Input for this task:
__________

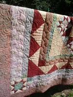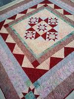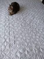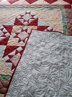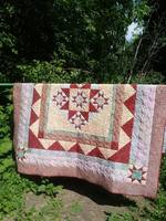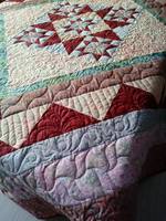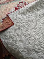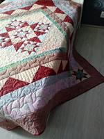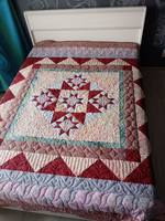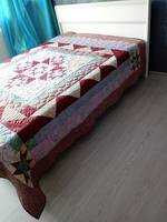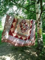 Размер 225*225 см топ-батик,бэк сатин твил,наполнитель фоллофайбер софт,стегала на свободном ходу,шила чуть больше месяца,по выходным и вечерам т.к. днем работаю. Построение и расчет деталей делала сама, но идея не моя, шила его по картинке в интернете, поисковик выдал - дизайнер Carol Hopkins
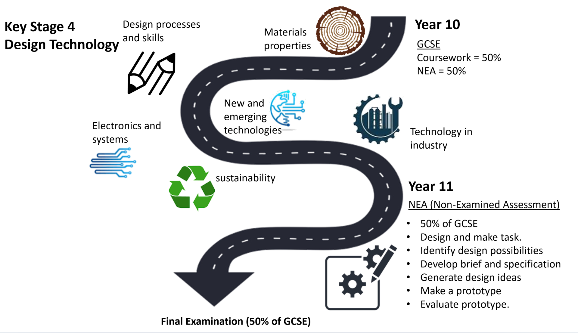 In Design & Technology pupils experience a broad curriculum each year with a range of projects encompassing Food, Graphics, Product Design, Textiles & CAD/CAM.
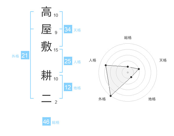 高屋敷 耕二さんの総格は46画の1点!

__________

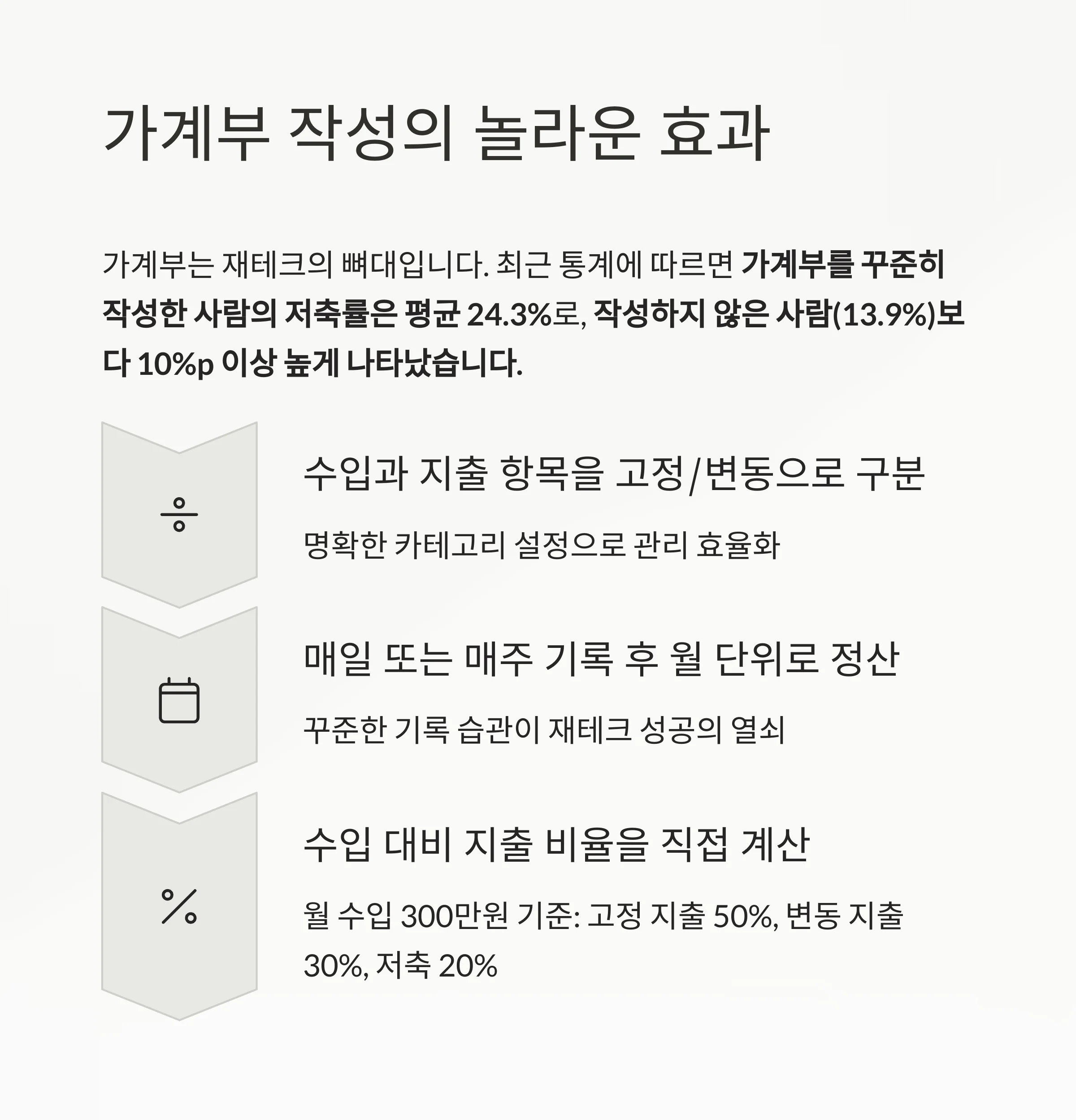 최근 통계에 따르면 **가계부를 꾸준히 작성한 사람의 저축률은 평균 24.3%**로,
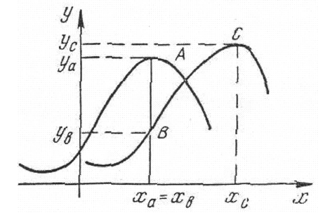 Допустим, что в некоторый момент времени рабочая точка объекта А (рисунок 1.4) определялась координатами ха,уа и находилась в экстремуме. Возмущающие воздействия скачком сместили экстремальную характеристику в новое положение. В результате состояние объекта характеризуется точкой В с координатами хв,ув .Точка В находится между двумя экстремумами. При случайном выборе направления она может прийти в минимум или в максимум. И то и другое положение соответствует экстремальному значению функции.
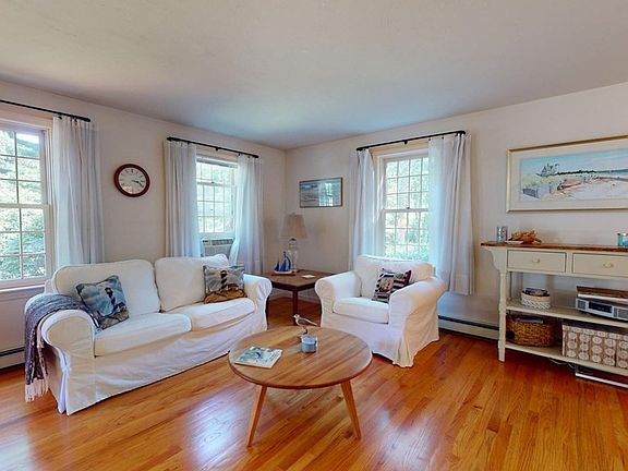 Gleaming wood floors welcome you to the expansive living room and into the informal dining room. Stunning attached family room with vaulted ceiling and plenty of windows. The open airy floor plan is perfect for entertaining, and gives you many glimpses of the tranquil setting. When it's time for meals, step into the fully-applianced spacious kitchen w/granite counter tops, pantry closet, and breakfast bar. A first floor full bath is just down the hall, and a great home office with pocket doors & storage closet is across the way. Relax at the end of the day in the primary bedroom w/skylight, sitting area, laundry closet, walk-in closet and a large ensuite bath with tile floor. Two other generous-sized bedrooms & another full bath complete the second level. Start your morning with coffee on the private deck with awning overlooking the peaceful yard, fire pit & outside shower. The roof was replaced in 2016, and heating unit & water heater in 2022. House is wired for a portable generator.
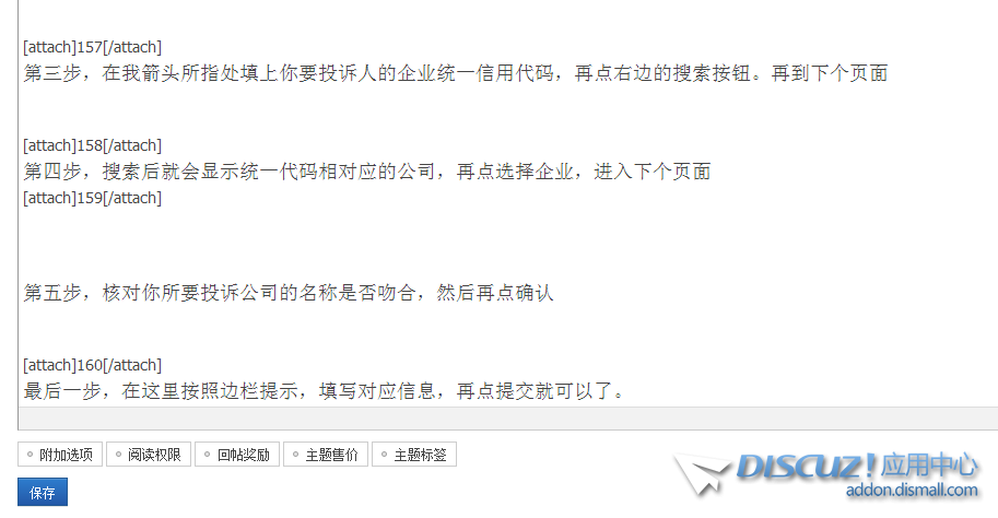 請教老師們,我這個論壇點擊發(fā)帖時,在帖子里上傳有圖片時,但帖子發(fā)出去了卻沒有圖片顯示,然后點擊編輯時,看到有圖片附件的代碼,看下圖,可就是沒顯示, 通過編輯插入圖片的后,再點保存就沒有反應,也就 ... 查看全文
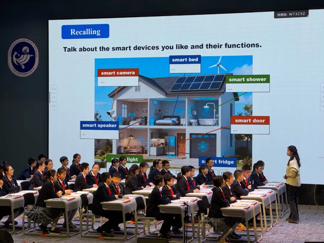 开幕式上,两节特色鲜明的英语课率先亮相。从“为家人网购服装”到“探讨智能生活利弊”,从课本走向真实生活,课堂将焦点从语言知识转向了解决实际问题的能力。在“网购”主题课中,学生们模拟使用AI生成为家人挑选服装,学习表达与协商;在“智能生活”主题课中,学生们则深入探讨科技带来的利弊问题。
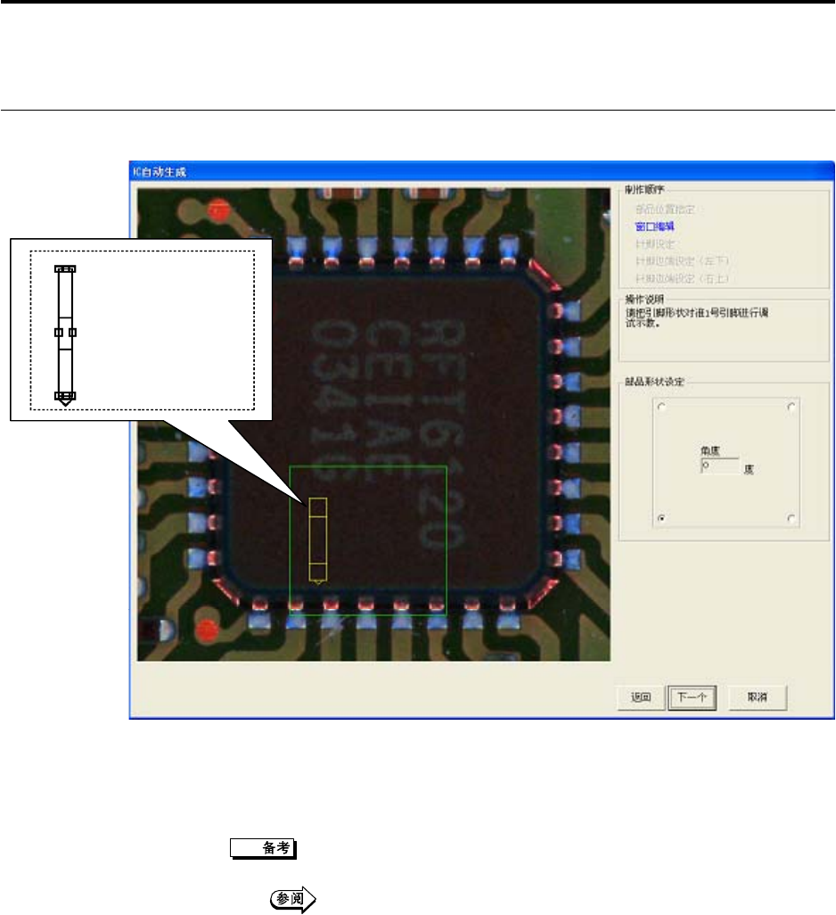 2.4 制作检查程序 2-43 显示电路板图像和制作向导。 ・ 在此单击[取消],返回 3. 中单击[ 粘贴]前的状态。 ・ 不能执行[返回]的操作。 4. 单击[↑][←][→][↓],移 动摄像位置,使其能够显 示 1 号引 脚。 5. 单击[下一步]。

__________

Work request:
Reproduce the listing above only between the lines holding "Размер 225*225 см" and "高屋敷 耕二さんの総格は46画の1点!", inclusive. Every line must match exactly, and pictures are dropped.

Exercise answer:
 Размер 225*225 см топ-батик,бэк сатин твил,наполнитель фоллофайбер софт,стегала на свободном ходу,шила чуть больше месяца,по выходным и вечерам т.к. днем работаю. Построение и расчет деталей делала сама, но идея не моя, шила его по картинке в интернете, поисковик выдал - дизайнер Carol Hopkins
 In Design & Technology pupils experience a broad curriculum each year with a range of projects encompassing Food, Graphics, Product Design, Textiles & CAD/CAM.
 高屋敷 耕二さんの総格は46画の1点!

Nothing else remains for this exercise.